FIG. 4 is a flowchart showing an embodiment of a processing procedure of the present invention.

FIG. 5 is a system block diagram of an online system failure analysis method according to the present invention.

FIG. 6 is a data table constituting an online system failure analysis system according to the present invention.

FIG. 7 is a data table constituting an online system failure analysis system according to the present invention.
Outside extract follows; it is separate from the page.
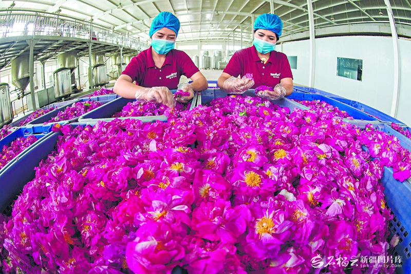 5月19日,工人在位于和田市的新疆和田阳光沙漠玫瑰有限公司车间分拣玫瑰花。当地通过发展玫瑰花产业,实现经济效益与生态效益双赢。□石榴云/新疆日报记者约提克尔·尼加提摄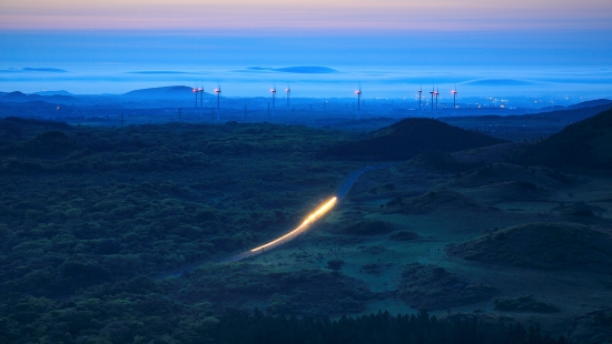 뒤 바다쪽에 뽈록뽈록한게 성산일출봉이랑 우도입니다. >.<

[Description of Signs] 10 online system 11 message acquisition unit 12 message monitoring module 13 hardware monitoring module 14 software monitoring module 15 failure analysis monitoring module 16 handling module 17 history accumulation table 18 work history accumulation table 19 message table 20 hardware monitoring table 21 Software monitoring table 22 Response history monitoring table.

Claims (3)

[Claims] 1. A method for accumulating information relating to data output from a system, checking a correspondence between information relating to a failure and information relating to data outputted from the system, and detecting a failure when the correspondences match. A failure analysis method characterized by realizing the display of the cause related to the failure and the method of dealing with the failure. 2. The method according to claim 1, wherein the monitoring of the hardware and the monitoring of the software are constantly performed, and for the failure of the hardware and the software, the cause of the failure and the method of dealing with the failure are displayed. Failure analysis method. 3. The failure analysis method according to claim 2, wherein the information relating to the failure manages information relating to a cause of the failure and information relating to past cases of the failure.